* [YOUR OBJECTIVE] Each line of the data below should be restated exactly, with images left out.

##### INPUT DATA #####

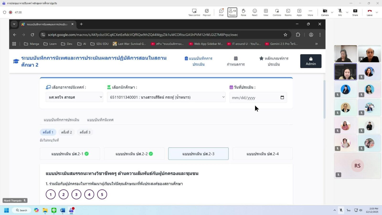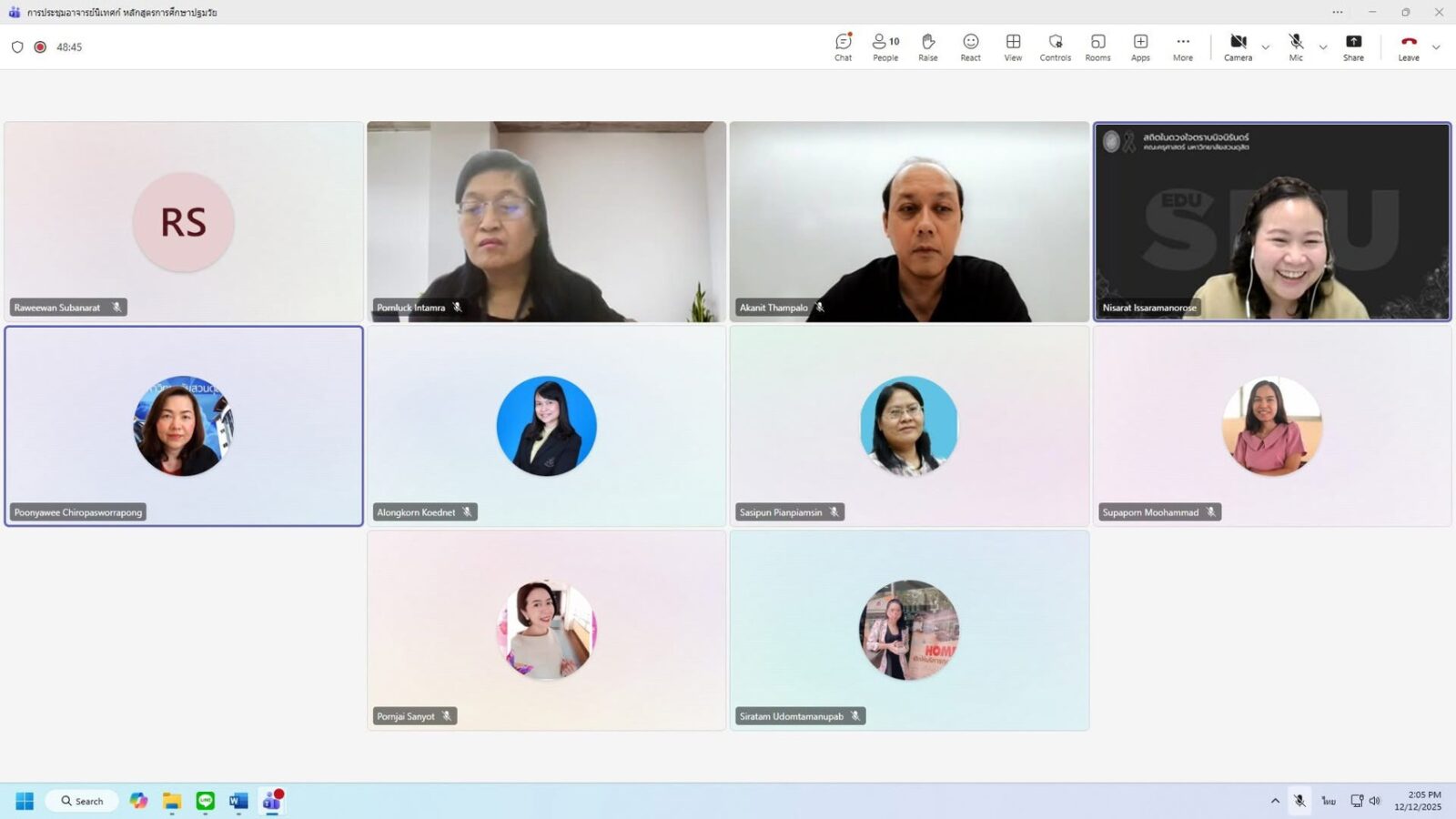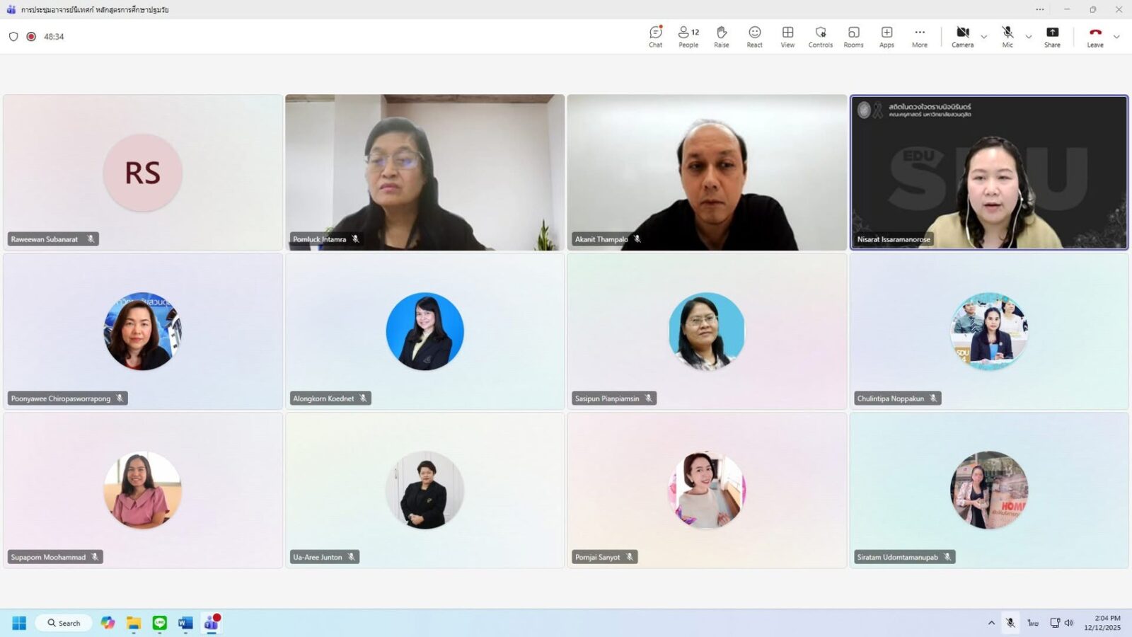 ผู้ช่วยศาสตราจารย์นิศารัตน์ อิสระมโนรส รองคณบดีฝ่ายวิชาการและประกันคุณภาพ คณะครุศาสตร์ เป็นประธานประชุมเตรียมความพร้อมการใช้งานระบบบันทึกการนิเทศและการประเมินการปฏิบัติการสอนในสถานศึกษา 2 ให้กับอาจารย์นิเทศก์ในหลักสูตร เมื่อวันศุกร์ที่ 12 ธันวาคม 2568 เวลา 13.30 – 14.30 น. ออนไลน์ผ่านระบบ MS-Teams
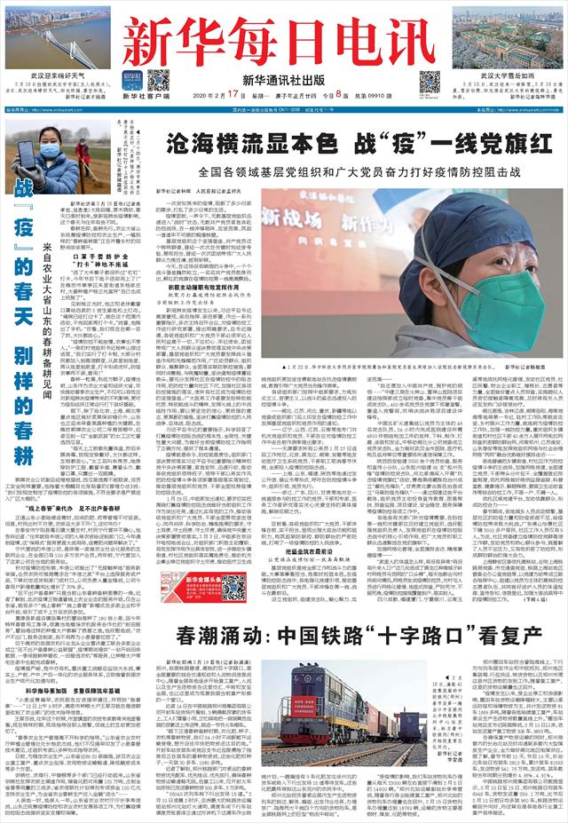 | ( 2020-02-17 ) 稿件来源:新华每日电讯 要 闻 |
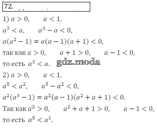 ГДЗ решение к заданию № 72 Алгебра 8 класс Колягин Ю.М. Просвещение 2013 ФГОС бесплатно на гдз.мода!

#####

* [SOLUTION TO THE EXERCISE]
 ผู้ช่วยศาสตราจารย์นิศารัตน์ อิสระมโนรส รองคณบดีฝ่ายวิชาการและประกันคุณภาพ คณะครุศาสตร์ เป็นประธานประชุมเตรียมความพร้อมการใช้งานระบบบันทึกการนิเทศและการประเมินการปฏิบัติการสอนในสถานศึกษา 2 ให้กับอาจารย์นิเทศก์ในหลักสูตร เมื่อวันศุกร์ที่ 12 ธันวาคม 2568 เวลา 13.30 – 14.30 น. ออนไลน์ผ่านระบบ MS-Teams
 | ( 2020-02-17 ) 稿件来源:新华每日电讯 要 闻 |
 ГДЗ решение к заданию № 72 Алгебра 8 класс Колягин Ю.М. Просвещение 2013 ФГОС бесплатно на гдз.мода!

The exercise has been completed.